Allegory (Filippino Lippi) Explained

Allegory
Artist:Ridolfo del Ghirlandaio
Year:c. 1498
Type:Oil
Height Metric:30
Width Metric:23
Metric Unit:cm
Imperial Unit:in
City:Florence
Museum:Uffizi Gallery

Allegory is a painting mostly attributed to Ridolfo del Ghirlandaio. In the past it was usually attributed to the Italian Renaissance master Filippino Lippi, executed around 1498. It is now in the Uffizi Gallery of Florence. The work had been variously assigned, to Leonardo da Vinci, one of the Ghirlandaio family, or an unknown 15th century painter.

Description

The scene is set on a hill, with Florence in the background. It features a man, whose legs are tied by a serpent, who closes to an aged one, dressing in red and sitting near a tree. The latter is holding several lightnings. Next to the walking man is a small stoat, a symbol of purity.

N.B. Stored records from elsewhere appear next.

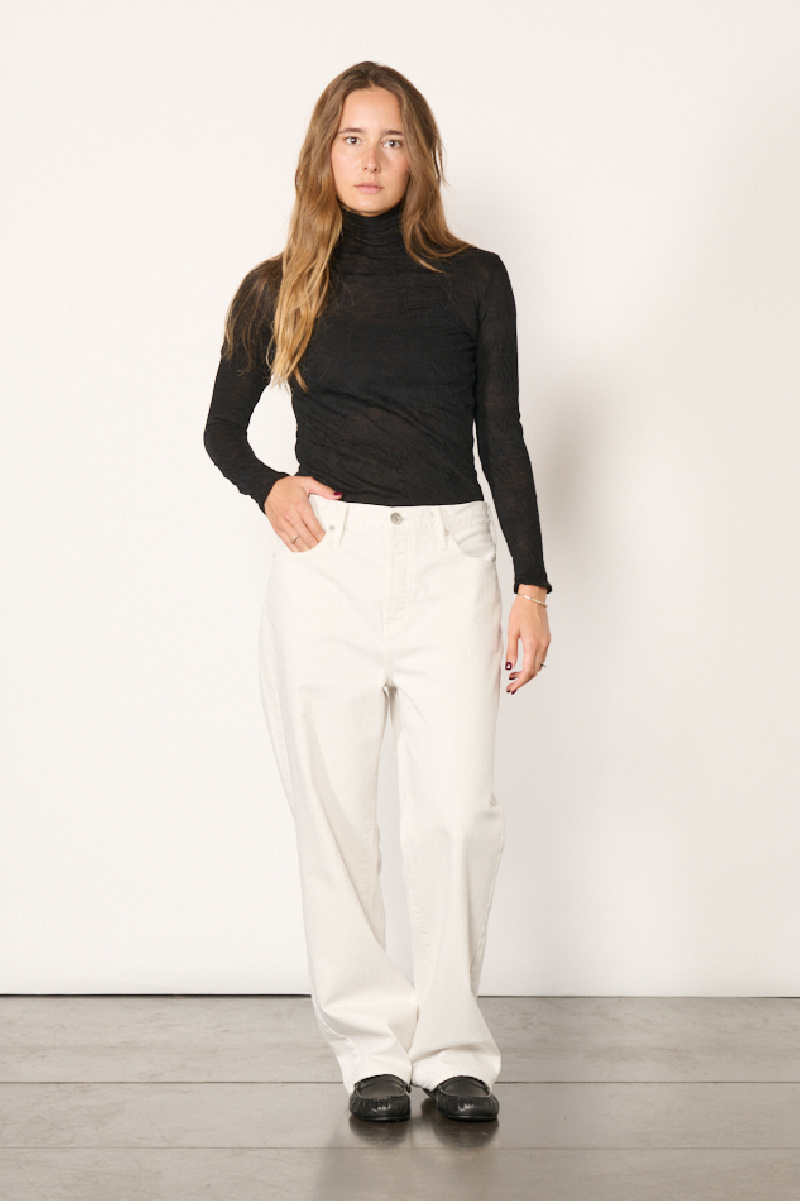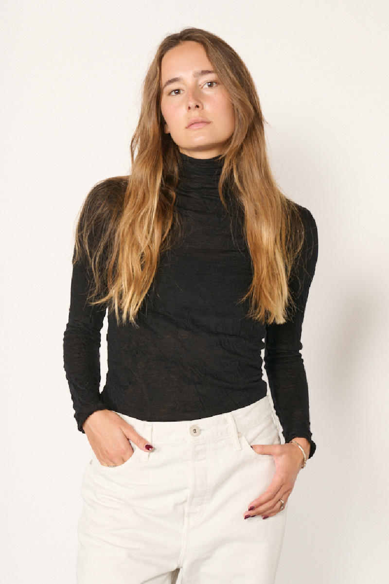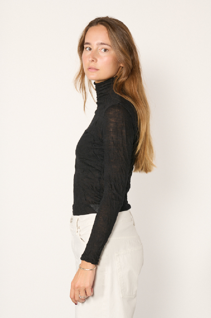 Col roulé confectionné en gaze de laine crêpée noire, offrant une légère transparence, de la marque Pas de Calais.
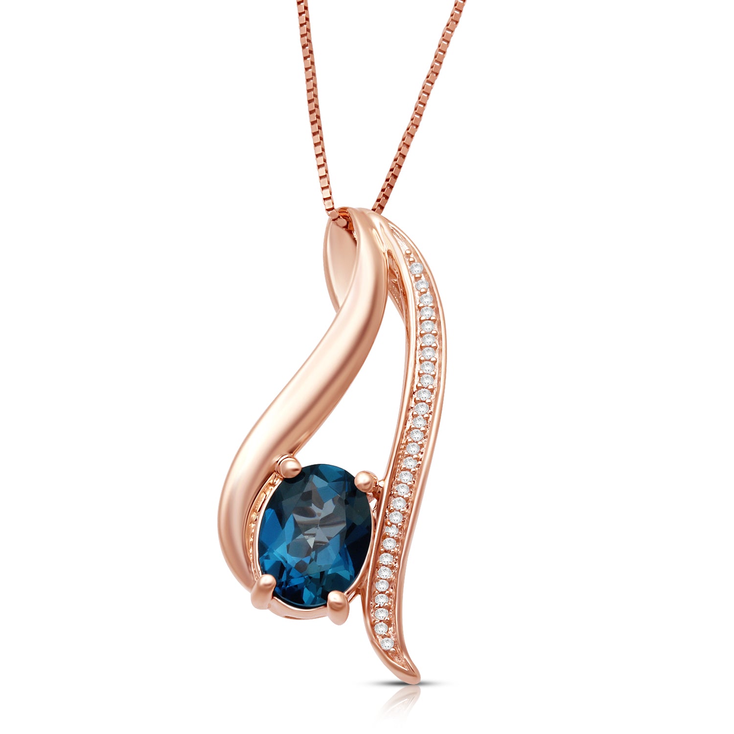 Details: 10K Rose Gold Swirl Pendant with 8 X 6MM Oval Blue Topaz and White Diamond Accent, 18"
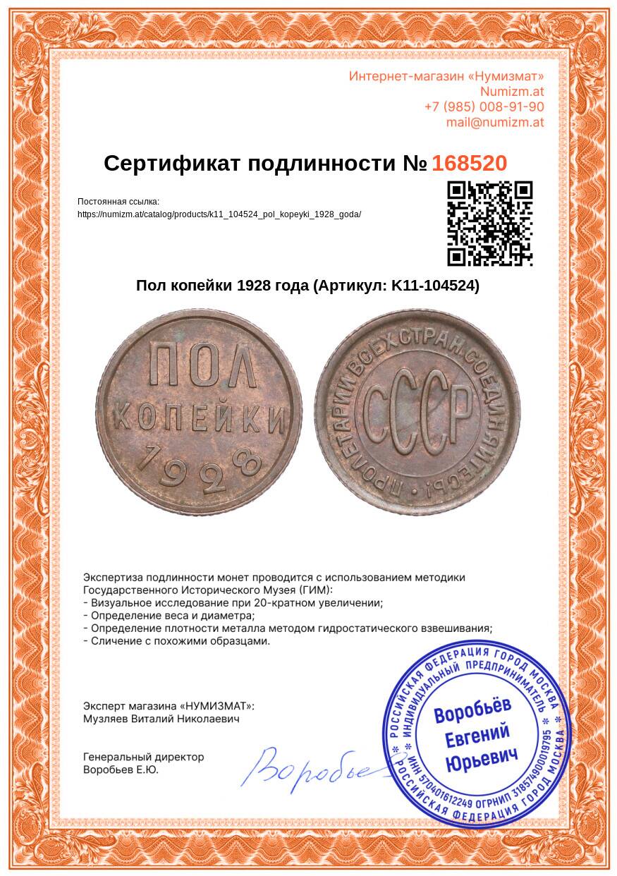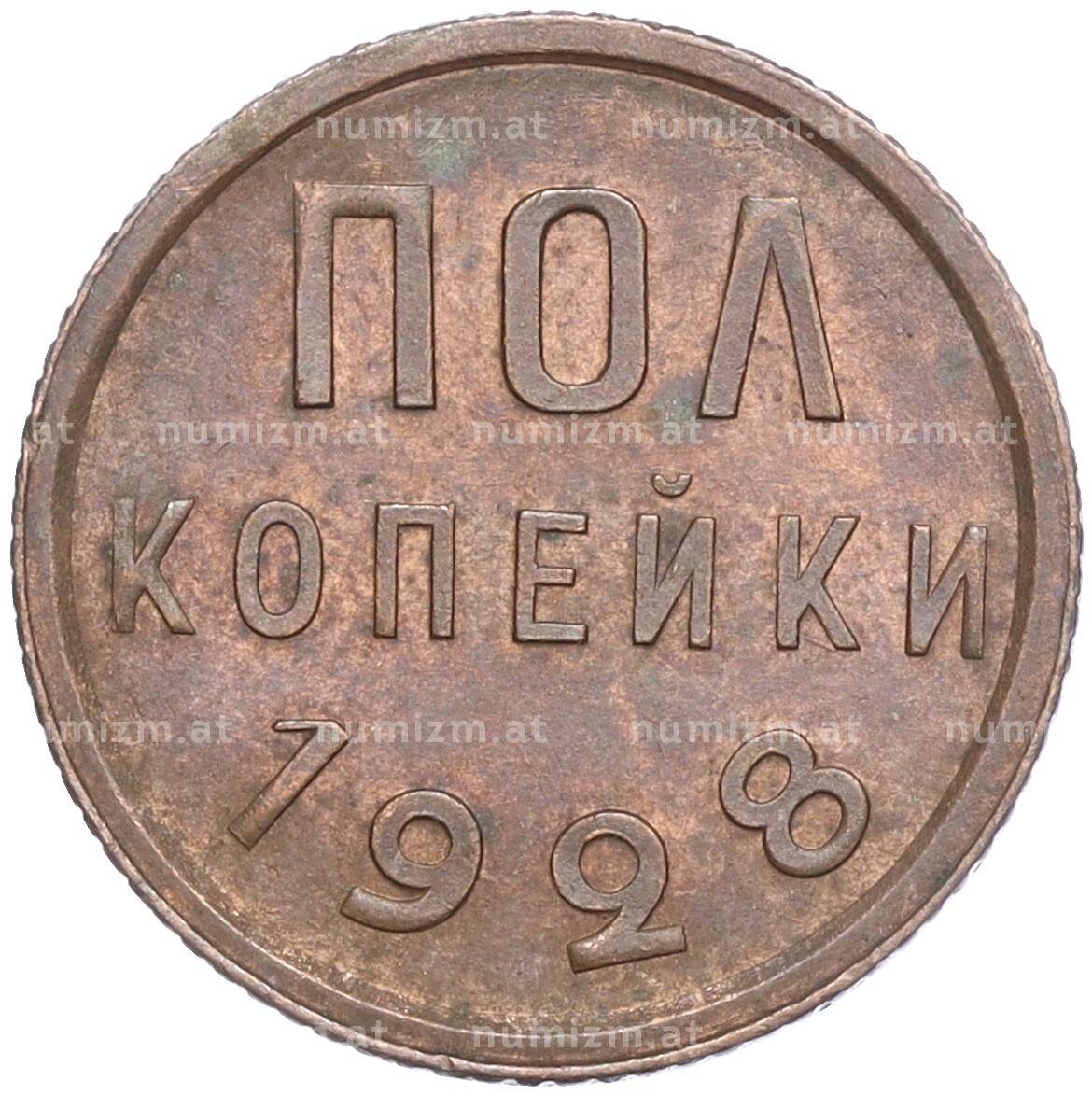 Монета Пол копейки 1928 года (Артикул: K11-104524): подробные характеристики, качественные фотографии в высоком разрешении, низкая цена.

The same character, with the serpent getting out from his jacket and looking at him, has fallen in the foreground. An inscription gets out from his mouth, saying NULLA DETERIOR PESTIS QUAM FAMILIARIS INIMICUS ("Nothing is more dangerous than a family's enemy") and going towards the old man.

The subject has been variously interpreted: as the story of Laocoön, an allegory of two enemy brothers, or, more likely, of the civil wars that followed the fall of Girolamo Savonarola in Florence. The last version is supported by the fact that, in Renaissance art, the presence of a well defined city (Florence in this case) had always a meaning. The man dressing in red would be God or Jupiter; in the latter case, the man nearing him would be nearing paganism, the serpent being a symbol of the Devil making him stumble later.